Domingos Pellegrini, optando pela paixão

 

Quando em 1977, este escritor paranaense estreou em prosa, aos 27 anos, com os excelentes contos de “O Homem Vermelho”, ninguém duvidou de que acabava de surgir um bom escritor. Hélio Pólvora, por exemplo, avaliou o estreante com as seguintes palavras: “Pellegrini aprofundou a visão essencial da matéria dos contos” – o que, quando menos, significa dizer “vá em frente”.

O autor, que havia ganho o prêmio Fernando Chinaglia de 74, o Concurso Nacional de Literatura de Goiás de 75, e tinha conseguido boa projeção na contística brasileira através de textos publicados na imprensa alternativa, viu estas importantes marcas na evolução de sua obra serem ofuscadas pelo brilho inequívoco de “O Homem Vermelho”, que atraiu o aplauso unânime da crítica.

Como disse Oswaldo Mendes: “Pellegrini nos leva depressa aos finalmentes, como um repórter, coloca-nos numa sucessão de fatos, desprezando adjetivos e dando lógica aos substantivos“. Tais características reaparecem no livro seguinte de Domingos Pellegrini, “Os Meninos”, coletânea de contos publicados ainda em 1977. Na verdade, aquela prosa densa, vertical, que vai bem mais fundo do que sugere sua aparência simples e realista, tem sido a marca fundamental deste escritor que, a cada nova obra revelada, parece perseguir intransigentemente a perfeição.

Quanto à temática, Pellegrini tem privilegiado infância e adolescência, sobretudo nos contos de “O Homem Vermelho” e “Os Meninos”. Garotos “ingênuos”, de diferentes idades, espectadores atentos para com o mistério que eles próprios carregam: o sexo.
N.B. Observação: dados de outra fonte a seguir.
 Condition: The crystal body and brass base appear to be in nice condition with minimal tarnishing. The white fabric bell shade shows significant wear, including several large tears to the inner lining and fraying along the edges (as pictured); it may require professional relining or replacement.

Aliás, poucos escritores entre nós conseguiram expressar, com a força de Pellegrini, o despertar do desejo juvenil, criando uma atmosfera de suxualidade reprimida, mas prestes a eclodir.

Seria incorreto, no entanto, enquadrá-lo como autor “para meninos” ou “infanto-juvenil”, pois seus contos e novelas podem servir de material reflexivo a leitores de qualquer idade. A adolescência, aqui, não é tempo, mas estado de espírito.
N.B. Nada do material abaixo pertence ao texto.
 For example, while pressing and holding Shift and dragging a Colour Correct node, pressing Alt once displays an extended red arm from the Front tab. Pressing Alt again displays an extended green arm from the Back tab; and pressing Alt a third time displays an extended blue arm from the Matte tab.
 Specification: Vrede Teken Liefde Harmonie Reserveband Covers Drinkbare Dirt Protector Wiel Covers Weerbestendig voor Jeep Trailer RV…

Por outro lado, o ficcionista vem introduzindo novos temas. Na novela “A Árvore que Dava Dinheiro”, muito bem recebida pela crítica, aparece a estória de uma pequena cidade (ou país?) cujos moradores de repente sucumbem às promessas paradisíacas de uma árvore que dá dinheiro em vez de folhas (a semelhança com o “milagre” brasileiro seria mera coincidência?). Penso que esta novela mantém as características narrativas dos trabalhos anteriores (linguagem entre o coloquial e o narrativo, desprezo do adjetivo pelo substantivo etc.) e vai além: enriquece a construção, tecido agora em diversos níveis de significação, permitindo ao leitor, de maneira salutar, várias possibilidades de compreensão.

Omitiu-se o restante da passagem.